The port is operated by the semi-state Dublin Port Company (DPC), incorporated on 28 February 1997 (formerly the Dublin Port and Docks Board, and successor to the Ballast Board founded in 1707), the headquarters of which are located just beyond the main port entrance on the northern side of the Liffey. In 2017 the area around the headquarters was rebuilt with the installation of a heritage crane and creation of a maritime-themed garden. The company is responsible for infrastructure of the port, with individual operations run by tenants such as State authorities, notably the customs service, ferry, freight and oil companies, terminal operators, and stevedores.

The port company is responsible for pilotage services within Dublin Bay, and manages the three port lighthouses (but not those of Howth or Kish Bank). It also formerly operated two drydocks, which were closed in 2016.

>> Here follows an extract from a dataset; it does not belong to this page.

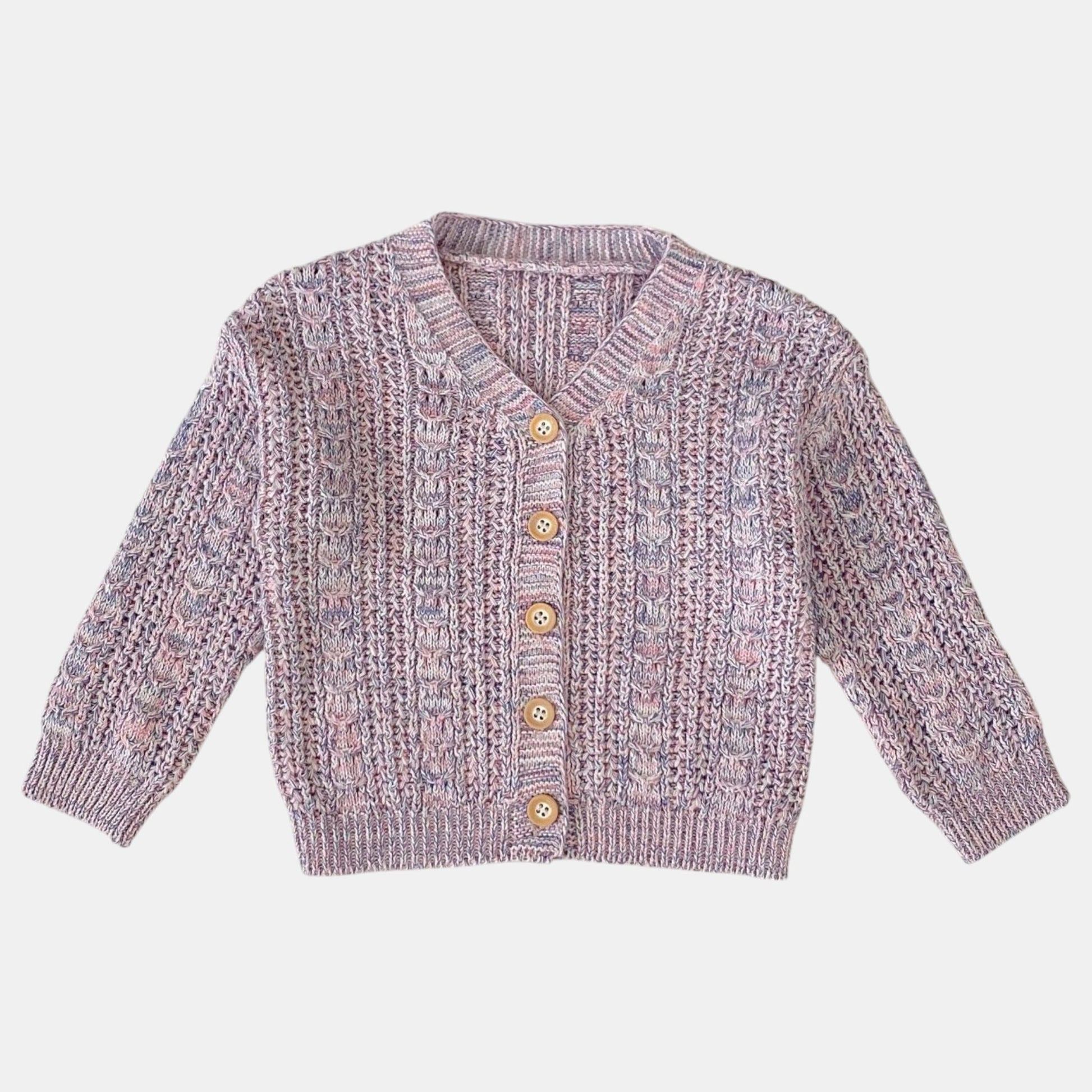 Wrap your little one in the whimsical charm of this lavender blush knit cardigan, crafted from 100% cotton for breathable softness. Gentle hues of purple, pink, and white intertwine like a pastel sunrise, while delicate vertical braids add a touch of textured elegance. With a classic V-neck and button-front, it’s perfect for layering on crisp days, whether for garden adventures or cosy storybook afternoons—blending comfort with enchanting style.

According to DPC, the port handled 23.5 million tonnes of cargo in 2003, as well as 1,426,000 passengers. That year 7,917 ships docked in the port, including 54 cruise liners carrying 54,000 visitors. In April 2010, the company announced its "busiest week ever", following restrictions placed on European airspace because of the eruption of the Eyjafjallajökull volcano in Iceland. Some 72,118 passengers were reported to have travelled through the ferry terminals during the week of 15–21 April that year, and that week saw the culmination of increased trade in Dublin Port, as the company's figures for the first quarter of 2010 would eventually reveal. March 2010 saw a 13.5% trade increase when compared with March 2009, and that month was declared by the company as the fourth consecutive month of trade increase since the economic downturn. The figures of imports and exports declined during the depression of 2010 but then increased during the decade and in 2019, 38.1 million tonnes of cargo was handled and there were 7,898 ship movements of which 158 were cruise ships.

History
The medieval port of Dublin was located on the south bank of the Liffey near Christ Church Cathedral, a few kilometres upstream from its current location. 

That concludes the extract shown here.